◆ Raw data ◆
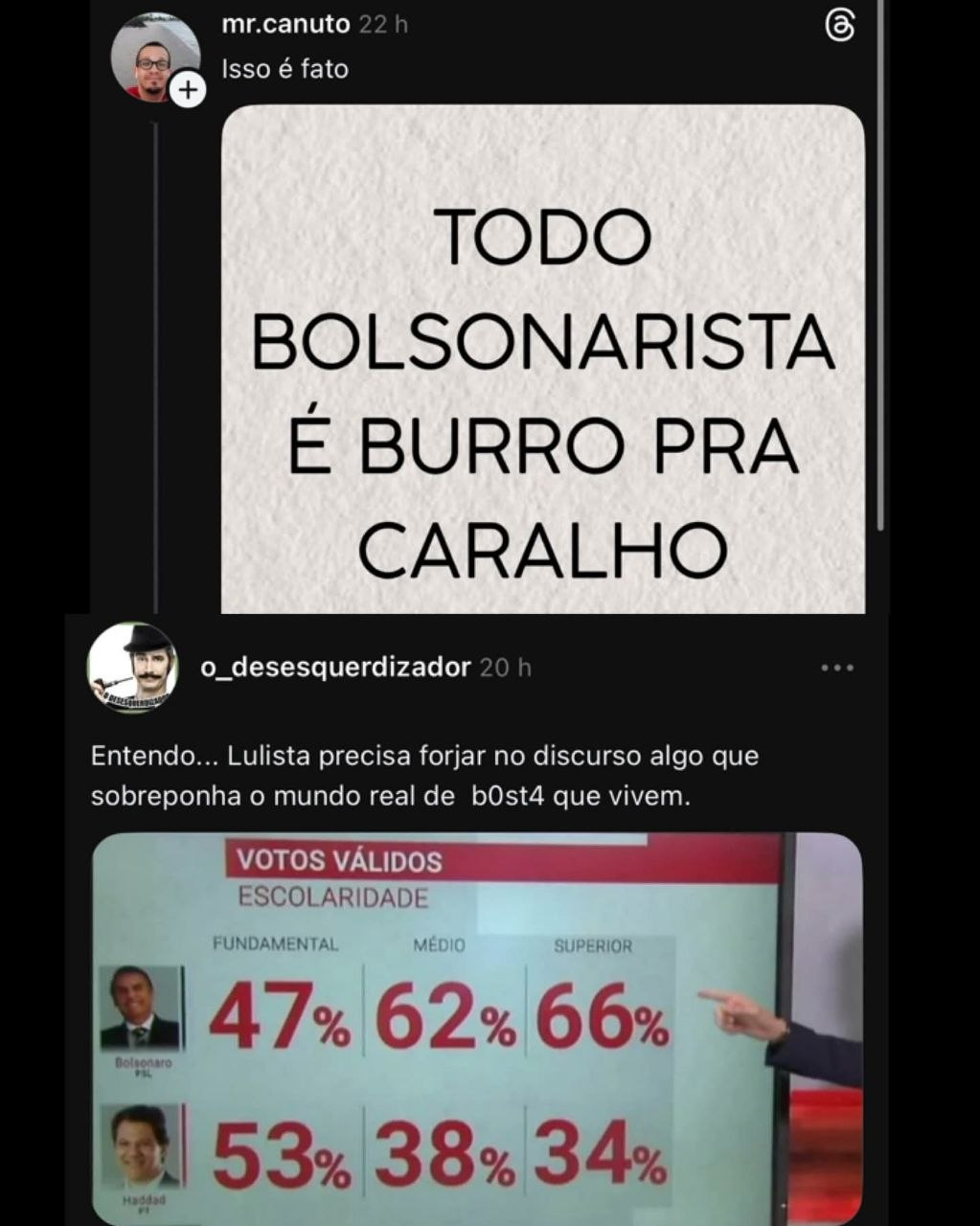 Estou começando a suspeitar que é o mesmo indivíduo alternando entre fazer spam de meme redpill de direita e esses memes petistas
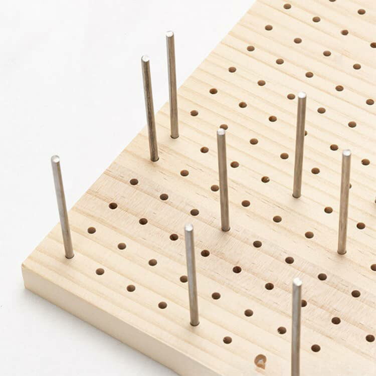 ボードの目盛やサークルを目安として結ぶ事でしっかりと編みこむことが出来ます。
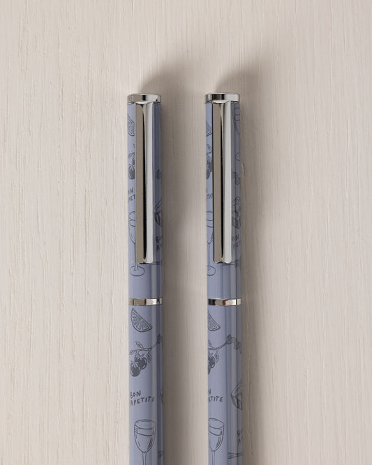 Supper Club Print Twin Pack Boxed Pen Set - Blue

◆ Task brief ◆
Give back the listing unchanged. Strip out the pictures.

◆ The completed task ◆
 Estou começando a suspeitar que é o mesmo indivíduo alternando entre fazer spam de meme redpill de direita e esses memes petistas
 ボードの目盛やサークルを目安として結ぶ事でしっかりと編みこむことが出来ます。
 Supper Club Print Twin Pack Boxed Pen Set - Blue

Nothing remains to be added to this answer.